Abstract

It has been found that blending polystyrene (PSt) with poly(methyl methacrylate) (PMMA) modifies the thermal degradation behaviour of each of the corresponding polymers. Thus, during pyrolysis at 500 °C, rate constants for the evolution of MMA and St monomers from the blend were each found to be smaller by a factor of about 10 than the corresponding rate constants measured using the individual polymers. The explanation proposed for this is that the ‘unlike’ long chain radicals in the blend preferentially interact, causing mutual termination of the depropagating chains.
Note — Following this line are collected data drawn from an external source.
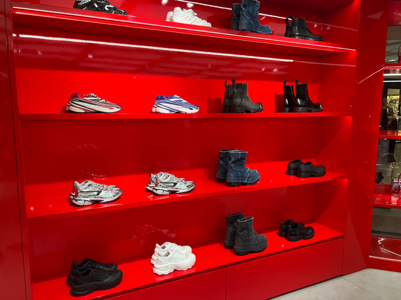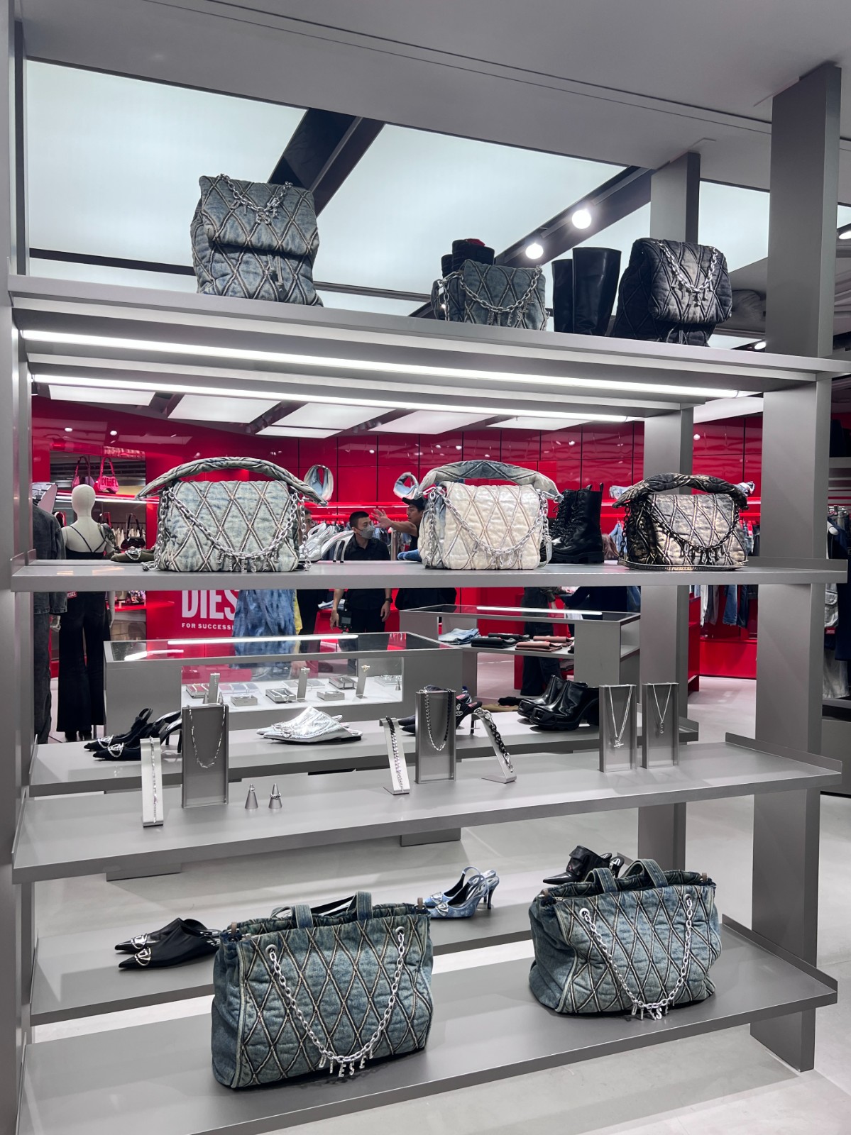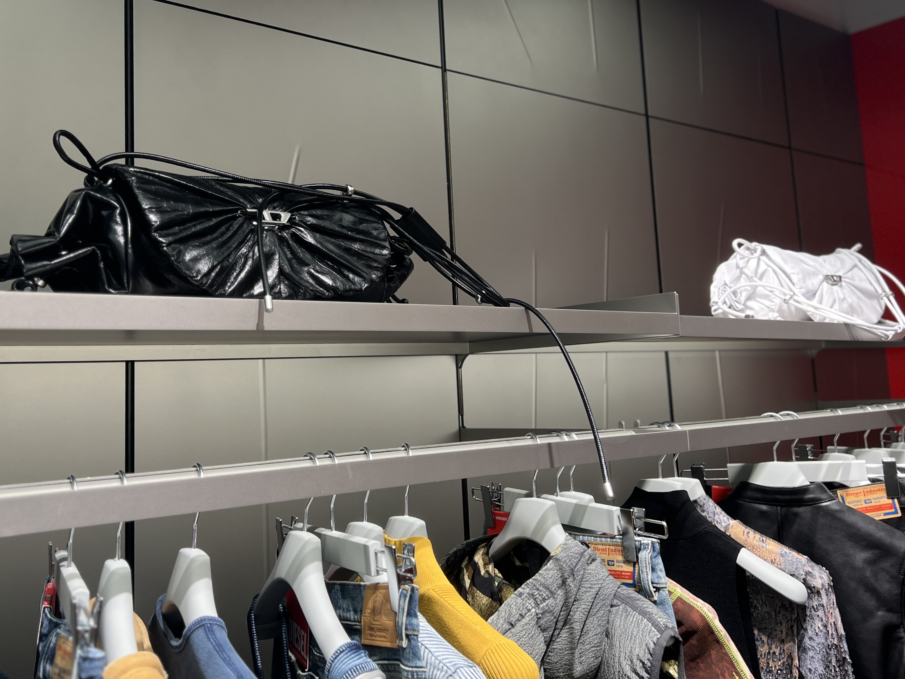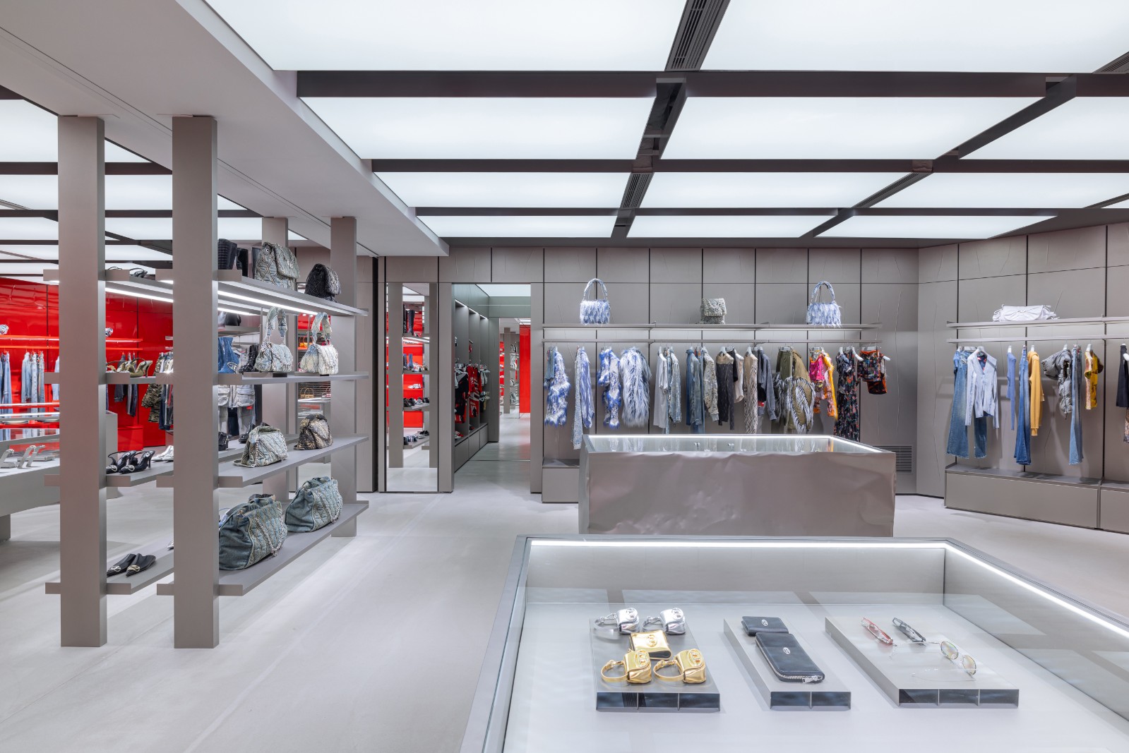 新店齊備品牌多個系列,包括標誌性的牛仔褲系列、男裝、女裝、鞋履、配飾及各款手袋,包括經典1-DR手袋及絎縫牛仔Charm-D手袋。Charm D手袋以經過細緻處理的牛仔布絎縫製成,凹凸有致的菱格紋手袋袋面飾以閃爍水鑽拼成的品牌字母吊飾,相當型格。在2024秋冬時裝展首次亮相的Scrunch-D手袋亦登陸新店,袋上柔軟的皮革圍着鑲於正中間的「D」logo,袋身兩邊則配以拉繩側袋,造型充滿前衛感。
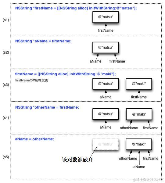 将otherName代入到aName,这时,aName将成为@”maki”字符串对象的持有者。而对象@”natsu”已经没有持有者了,该对象将被破弃。
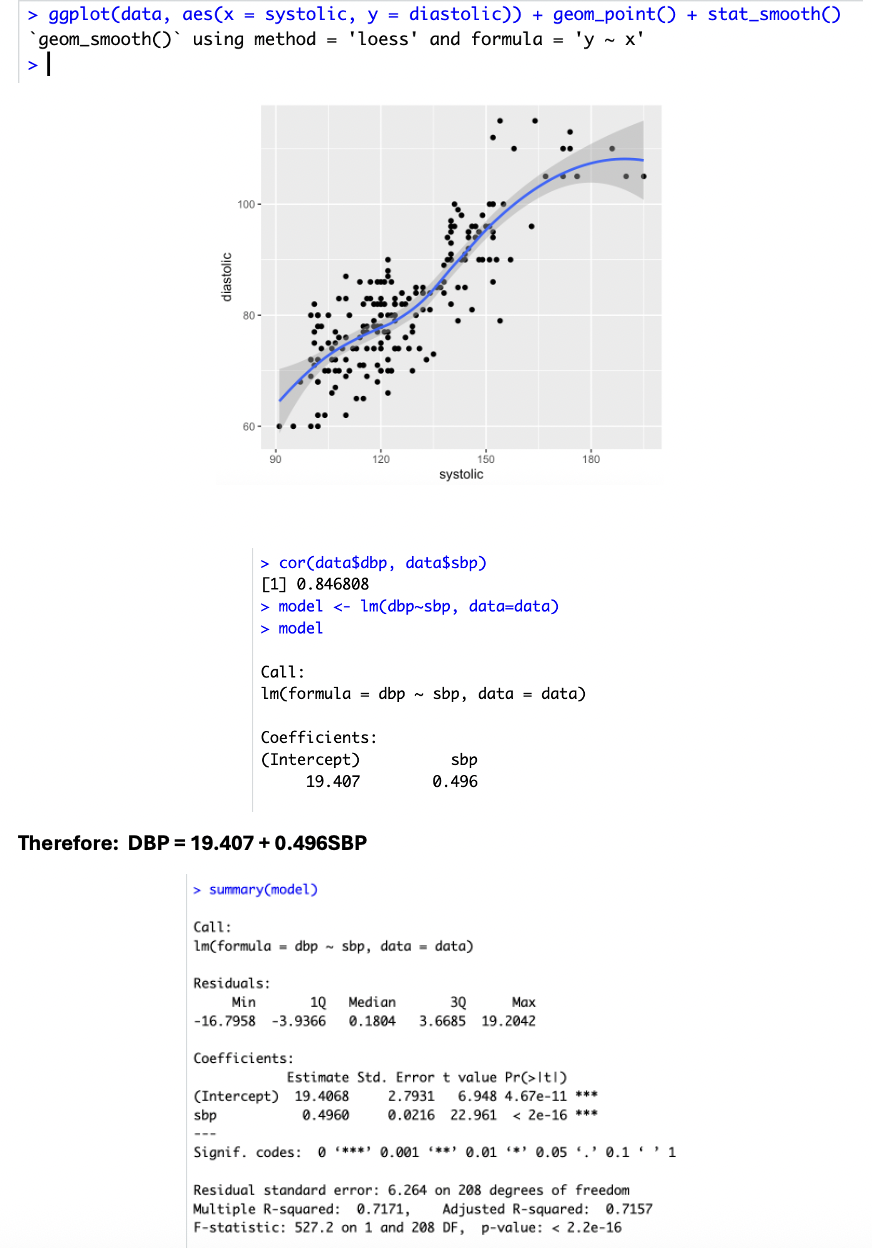 - Perform simple linear regression analysis to find the population regression equation to predict the diastolic BP by systolic BP.
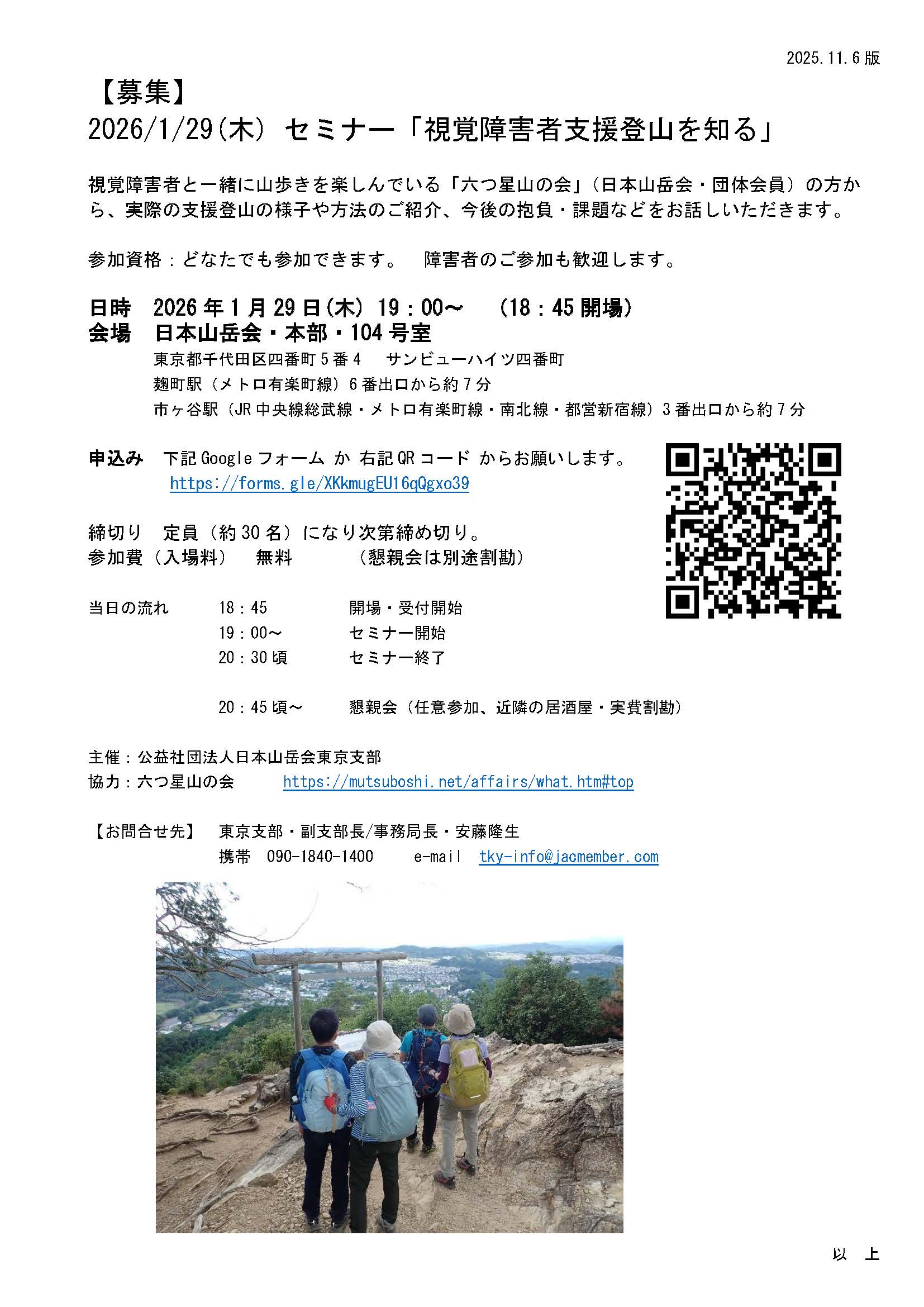 ▼主催:公益社団法人日本山岳会東京支部

This preference for cross-termination is consistent with the high Φ-factor reported from the kinetic studies of the copolymerization of this monomer pair at much lower temperatures. This pyrolysis behaviour of the PSt/PMMA blend systems differs from that of poly(alkyl acrylate)/polystyrene blend systems, for which it is reported that chain transfer plays a more important role than cross-termination in the degradation mechanism. For the latter systems, the evidence quoted for the transfer mechanism was that no kinetic effects were observed when the poly(alkyl acrylate) was blended with poly(α-methyl styrene), in which there is no tertiary hydrogen atom available for transfer. Blends of poly(α-methyl styrene) with PMMA have also been studied in the present work, and again only a small effect has been observed; the degradation rates are comparable with those measured for the individual polymers. The implications of this is that the poly (α-methyl styrene) radical cannot cross-terminate with the same facility as the polystyryl radical, presumably because of additional steric hindrance from the methyl group. Actually there is a few percent enhancement of the degradation rates in the poly(α-methyl styrene) blends, and this is attributed to the blended polymer diluting the bimolecular termination reactions. Conversely there are orders of magnitude reductions of the rates of styrene oligomer formation in the PSt/PMMA blends. These are associated with the PMMA ‘solvent’ in the melt causing steric hindrance of those intramolecular (backbiting) transfer reactions of the polystyryl radical which lead to oligomer formation. All rate measurements in this work have been made by the pyrolysis-g.c. technique.